━━ Dataset content ━━

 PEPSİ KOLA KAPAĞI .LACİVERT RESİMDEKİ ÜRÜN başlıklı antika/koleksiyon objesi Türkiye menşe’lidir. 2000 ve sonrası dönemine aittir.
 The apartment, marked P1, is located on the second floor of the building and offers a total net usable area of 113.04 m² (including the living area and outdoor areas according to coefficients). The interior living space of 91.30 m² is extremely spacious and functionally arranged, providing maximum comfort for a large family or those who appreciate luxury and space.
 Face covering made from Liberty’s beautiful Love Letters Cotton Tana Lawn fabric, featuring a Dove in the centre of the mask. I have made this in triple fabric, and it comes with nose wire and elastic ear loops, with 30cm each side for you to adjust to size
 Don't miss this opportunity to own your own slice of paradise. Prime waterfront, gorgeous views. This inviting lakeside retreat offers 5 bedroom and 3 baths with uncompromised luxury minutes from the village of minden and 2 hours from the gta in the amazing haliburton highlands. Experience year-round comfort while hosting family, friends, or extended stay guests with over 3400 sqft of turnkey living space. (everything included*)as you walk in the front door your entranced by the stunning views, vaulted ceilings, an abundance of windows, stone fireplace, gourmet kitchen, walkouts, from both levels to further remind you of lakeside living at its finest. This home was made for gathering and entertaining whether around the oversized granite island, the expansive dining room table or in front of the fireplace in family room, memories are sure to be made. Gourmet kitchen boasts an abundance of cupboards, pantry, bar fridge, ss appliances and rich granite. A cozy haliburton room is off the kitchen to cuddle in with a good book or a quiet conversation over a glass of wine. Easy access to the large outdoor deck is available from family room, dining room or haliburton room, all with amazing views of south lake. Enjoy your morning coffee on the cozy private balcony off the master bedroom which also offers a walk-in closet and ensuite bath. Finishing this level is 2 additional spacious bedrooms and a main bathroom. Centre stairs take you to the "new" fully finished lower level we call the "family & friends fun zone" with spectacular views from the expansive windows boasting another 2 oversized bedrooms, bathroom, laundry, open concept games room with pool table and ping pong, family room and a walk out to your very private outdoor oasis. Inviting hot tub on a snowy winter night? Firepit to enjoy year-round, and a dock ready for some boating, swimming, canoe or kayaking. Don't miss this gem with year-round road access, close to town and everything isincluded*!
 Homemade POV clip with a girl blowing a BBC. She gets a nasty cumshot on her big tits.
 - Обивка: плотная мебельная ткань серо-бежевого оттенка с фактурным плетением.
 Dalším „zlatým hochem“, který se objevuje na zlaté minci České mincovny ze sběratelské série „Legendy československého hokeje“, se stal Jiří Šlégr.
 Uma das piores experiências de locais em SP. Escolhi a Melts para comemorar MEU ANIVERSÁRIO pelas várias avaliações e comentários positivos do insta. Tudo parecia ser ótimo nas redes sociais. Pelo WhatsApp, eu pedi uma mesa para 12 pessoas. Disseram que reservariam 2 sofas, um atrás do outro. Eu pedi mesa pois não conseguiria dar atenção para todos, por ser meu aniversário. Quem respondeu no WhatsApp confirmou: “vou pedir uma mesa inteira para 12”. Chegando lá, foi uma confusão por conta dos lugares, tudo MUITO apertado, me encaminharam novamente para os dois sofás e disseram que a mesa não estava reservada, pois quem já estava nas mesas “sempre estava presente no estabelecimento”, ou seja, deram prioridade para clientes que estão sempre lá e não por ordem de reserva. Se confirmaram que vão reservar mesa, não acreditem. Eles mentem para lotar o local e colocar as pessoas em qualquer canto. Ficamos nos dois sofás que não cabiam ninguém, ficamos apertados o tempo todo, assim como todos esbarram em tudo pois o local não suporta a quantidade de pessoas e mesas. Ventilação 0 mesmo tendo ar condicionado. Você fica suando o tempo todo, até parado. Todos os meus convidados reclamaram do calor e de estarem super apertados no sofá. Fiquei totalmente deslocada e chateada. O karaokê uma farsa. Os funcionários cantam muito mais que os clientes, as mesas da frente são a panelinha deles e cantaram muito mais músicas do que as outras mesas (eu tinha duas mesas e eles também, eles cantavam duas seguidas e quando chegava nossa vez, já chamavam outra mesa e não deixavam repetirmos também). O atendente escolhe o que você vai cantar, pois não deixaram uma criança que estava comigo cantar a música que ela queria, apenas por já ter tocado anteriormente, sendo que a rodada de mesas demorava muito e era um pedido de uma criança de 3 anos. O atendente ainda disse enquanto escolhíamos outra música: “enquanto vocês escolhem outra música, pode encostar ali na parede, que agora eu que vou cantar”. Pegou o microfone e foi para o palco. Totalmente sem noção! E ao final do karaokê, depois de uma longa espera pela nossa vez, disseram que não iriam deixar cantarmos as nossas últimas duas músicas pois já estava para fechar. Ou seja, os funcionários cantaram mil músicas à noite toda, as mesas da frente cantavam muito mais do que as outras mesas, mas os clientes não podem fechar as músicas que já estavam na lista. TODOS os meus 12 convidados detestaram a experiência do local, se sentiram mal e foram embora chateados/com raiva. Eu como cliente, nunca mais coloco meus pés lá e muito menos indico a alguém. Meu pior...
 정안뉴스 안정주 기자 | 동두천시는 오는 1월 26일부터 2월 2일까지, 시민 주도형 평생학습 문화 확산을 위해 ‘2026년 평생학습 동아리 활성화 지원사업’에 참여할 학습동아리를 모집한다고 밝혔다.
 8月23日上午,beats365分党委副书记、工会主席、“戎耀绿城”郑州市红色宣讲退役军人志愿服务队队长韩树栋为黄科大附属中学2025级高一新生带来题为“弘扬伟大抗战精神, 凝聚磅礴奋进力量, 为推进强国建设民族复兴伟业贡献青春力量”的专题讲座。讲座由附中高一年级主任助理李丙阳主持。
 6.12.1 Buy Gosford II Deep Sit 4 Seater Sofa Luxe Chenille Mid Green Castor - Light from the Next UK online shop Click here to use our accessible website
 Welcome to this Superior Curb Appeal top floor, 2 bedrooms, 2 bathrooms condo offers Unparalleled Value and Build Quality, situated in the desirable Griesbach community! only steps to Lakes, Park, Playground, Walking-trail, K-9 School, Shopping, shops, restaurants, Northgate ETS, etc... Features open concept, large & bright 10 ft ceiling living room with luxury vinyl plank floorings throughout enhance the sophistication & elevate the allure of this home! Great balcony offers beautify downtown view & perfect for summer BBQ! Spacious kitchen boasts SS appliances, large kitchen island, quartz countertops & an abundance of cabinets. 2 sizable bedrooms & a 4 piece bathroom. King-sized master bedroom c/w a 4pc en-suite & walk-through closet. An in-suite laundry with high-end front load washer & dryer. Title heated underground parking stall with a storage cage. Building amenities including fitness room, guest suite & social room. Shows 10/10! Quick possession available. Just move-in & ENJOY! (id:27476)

━━━

## Aim of the exercise
If a line in the data above contains "floor", return that line.

## Expected answer
 The apartment, marked P1, is located on the second floor of the building and offers a total net usable area of 113.04 m² (including the living area and outdoor areas according to coefficients). The interior living space of 91.30 m² is extremely spacious and functionally arranged, providing maximum comfort for a large family or those who appreciate luxury and space.
 Welcome to this Superior Curb Appeal top floor, 2 bedrooms, 2 bathrooms condo offers Unparalleled Value and Build Quality, situated in the desirable Griesbach community! only steps to Lakes, Park, Playground, Walking-trail, K-9 School, Shopping, shops, restaurants, Northgate ETS, etc... Features open concept, large & bright 10 ft ceiling living room with luxury vinyl plank floorings throughout enhance the sophistication & elevate the allure of this home! Great balcony offers beautify downtown view & perfect for summer BBQ! Spacious kitchen boasts SS appliances, large kitchen island, quartz countertops & an abundance of cabinets. 2 sizable bedrooms & a 4 piece bathroom. King-sized master bedroom c/w a 4pc en-suite & walk-through closet. An in-suite laundry with high-end front load washer & dryer. Title heated underground parking stall with a storage cage. Building amenities including fitness room, guest suite & social room. Shows 10/10! Quick possession available. Just move-in & ENJOY! (id:27476)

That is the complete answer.